▶ _EXERCISE BRIEF_: Leave out all pictures. Return exactly the lines from the top of the material through the line containing "Enhance your decor".

SUPPLIED RECORDS Start Marker

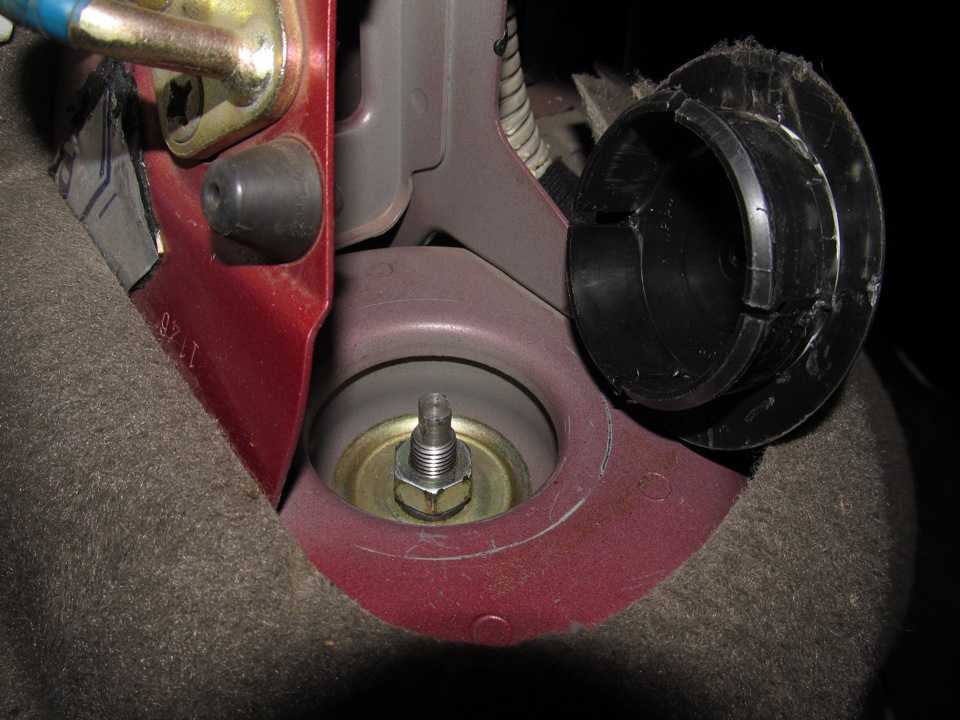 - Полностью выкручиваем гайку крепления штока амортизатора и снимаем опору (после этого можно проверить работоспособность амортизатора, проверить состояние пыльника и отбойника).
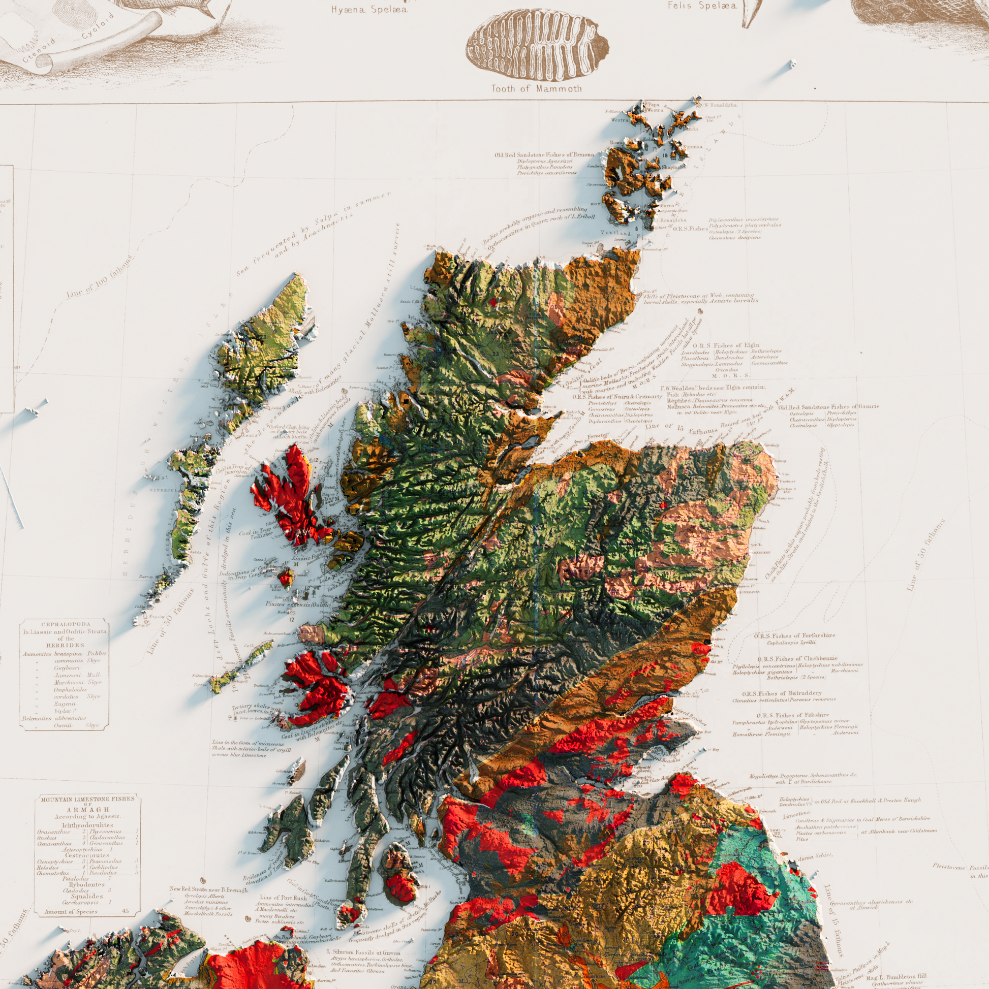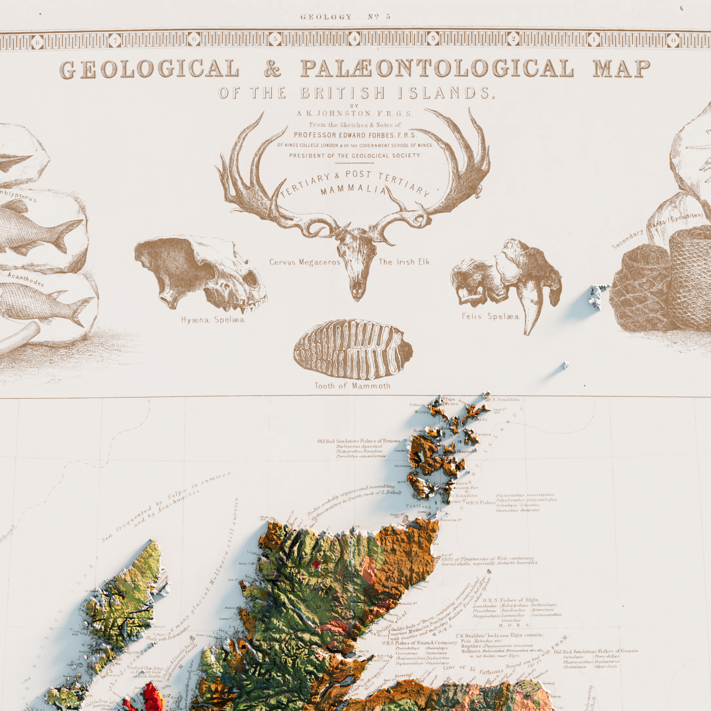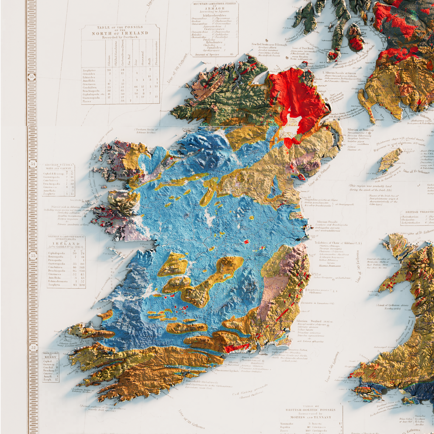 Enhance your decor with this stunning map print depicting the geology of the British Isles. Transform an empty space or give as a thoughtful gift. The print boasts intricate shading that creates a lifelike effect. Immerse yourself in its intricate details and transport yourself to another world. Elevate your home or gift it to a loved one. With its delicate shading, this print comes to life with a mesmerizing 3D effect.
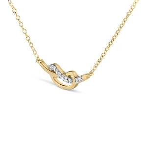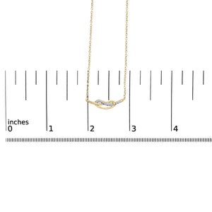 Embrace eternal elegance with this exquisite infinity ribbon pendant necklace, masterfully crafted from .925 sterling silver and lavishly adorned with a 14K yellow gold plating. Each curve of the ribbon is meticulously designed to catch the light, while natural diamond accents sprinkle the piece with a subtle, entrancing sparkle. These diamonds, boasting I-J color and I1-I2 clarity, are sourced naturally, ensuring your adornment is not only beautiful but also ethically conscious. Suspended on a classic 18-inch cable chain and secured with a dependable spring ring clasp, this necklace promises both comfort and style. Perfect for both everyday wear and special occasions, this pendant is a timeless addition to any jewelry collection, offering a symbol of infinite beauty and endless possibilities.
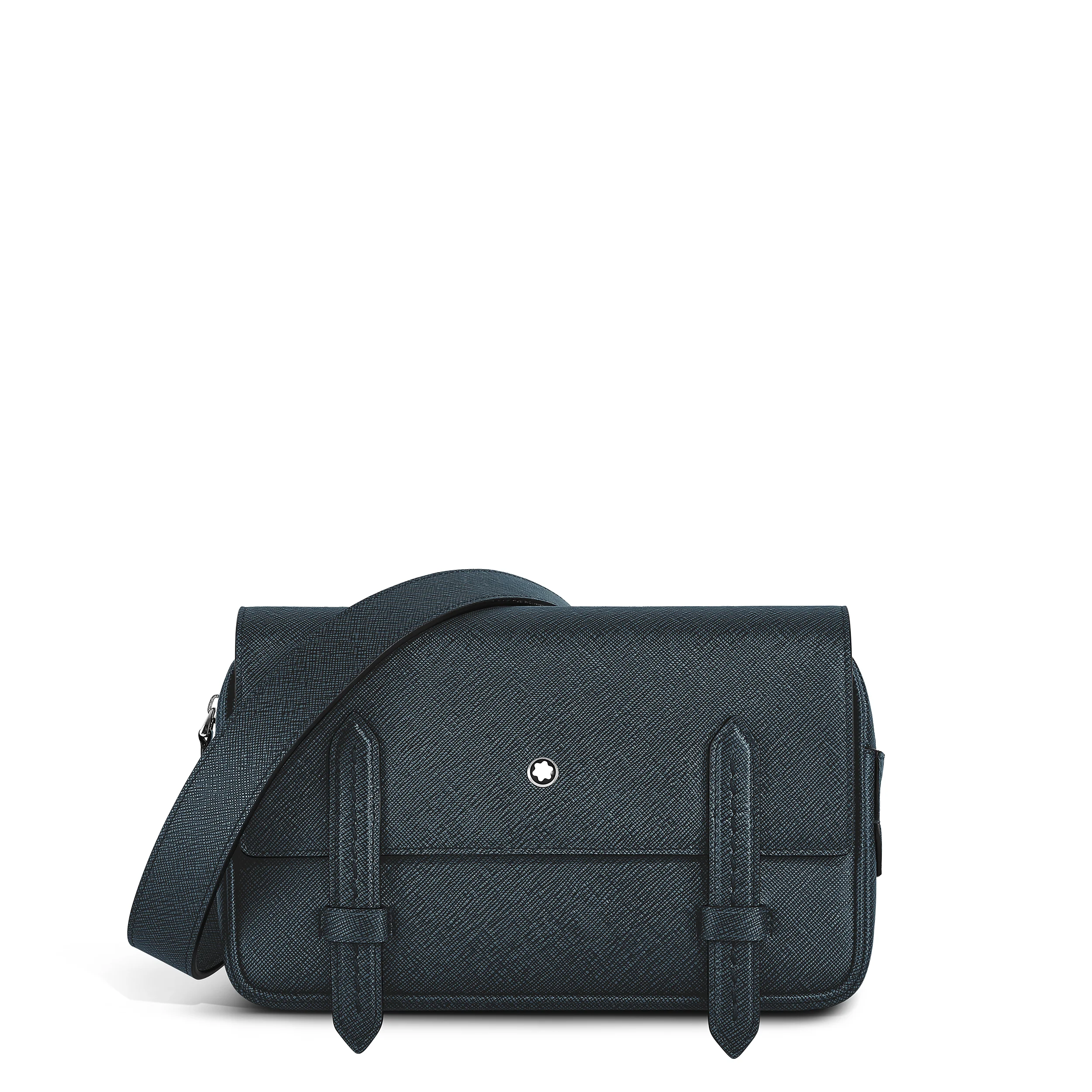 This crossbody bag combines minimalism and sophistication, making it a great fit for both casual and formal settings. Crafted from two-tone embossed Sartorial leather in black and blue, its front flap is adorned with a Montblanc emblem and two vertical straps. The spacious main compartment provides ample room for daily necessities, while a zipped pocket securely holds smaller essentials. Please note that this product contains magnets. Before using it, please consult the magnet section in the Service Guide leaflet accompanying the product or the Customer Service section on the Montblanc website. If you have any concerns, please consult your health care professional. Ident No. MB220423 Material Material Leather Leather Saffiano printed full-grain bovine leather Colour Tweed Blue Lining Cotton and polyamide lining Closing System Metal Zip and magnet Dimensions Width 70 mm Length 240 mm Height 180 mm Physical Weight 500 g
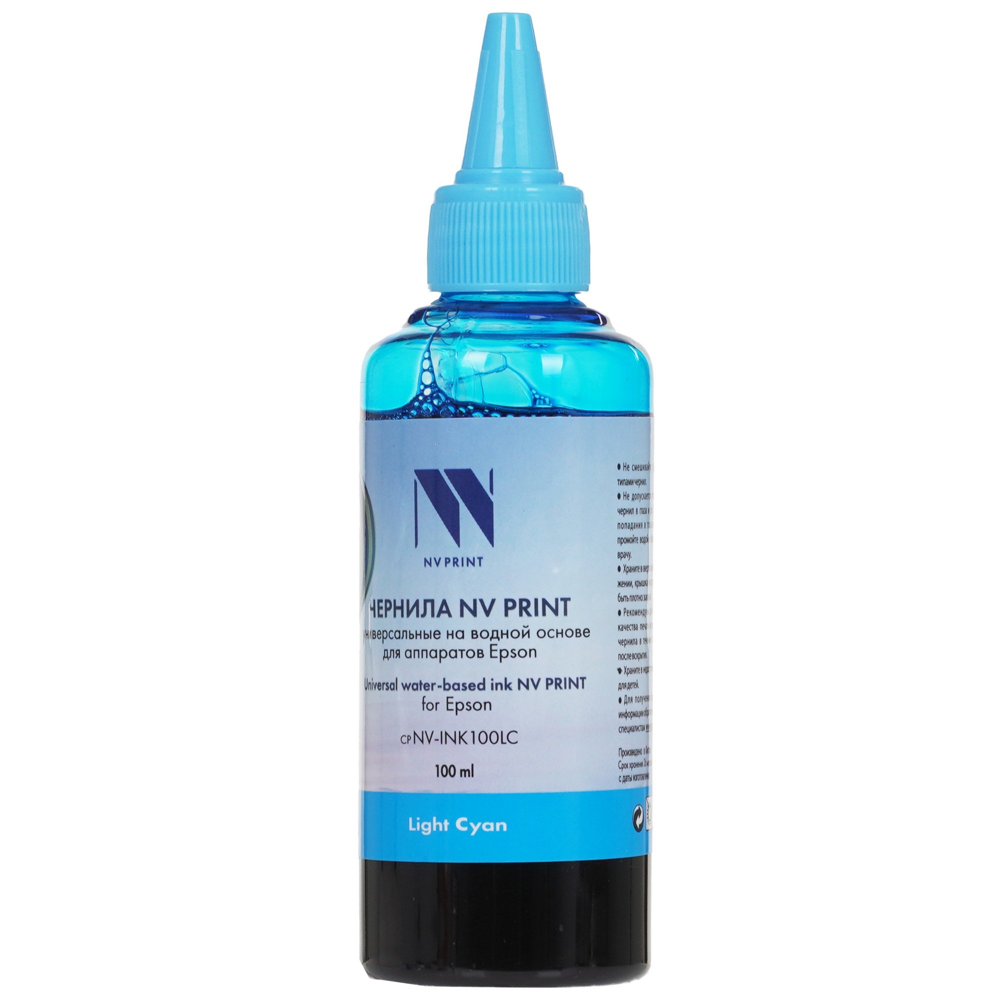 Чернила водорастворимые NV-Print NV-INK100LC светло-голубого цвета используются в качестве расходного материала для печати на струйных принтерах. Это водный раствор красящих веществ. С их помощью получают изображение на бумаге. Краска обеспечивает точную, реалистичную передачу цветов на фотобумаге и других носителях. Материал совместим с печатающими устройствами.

SUPPLIED RECORDS End Marker

▶ _THE COMPLETED TASK_:
 - Полностью выкручиваем гайку крепления штока амортизатора и снимаем опору (после этого можно проверить работоспособность амортизатора, проверить состояние пыльника и отбойника).
 Enhance your decor with this stunning map print depicting the geology of the British Isles. Transform an empty space or give as a thoughtful gift. The print boasts intricate shading that creates a lifelike effect. Immerse yourself in its intricate details and transport yourself to another world. Elevate your home or gift it to a loved one. With its delicate shading, this print comes to life with a mesmerizing 3D effect.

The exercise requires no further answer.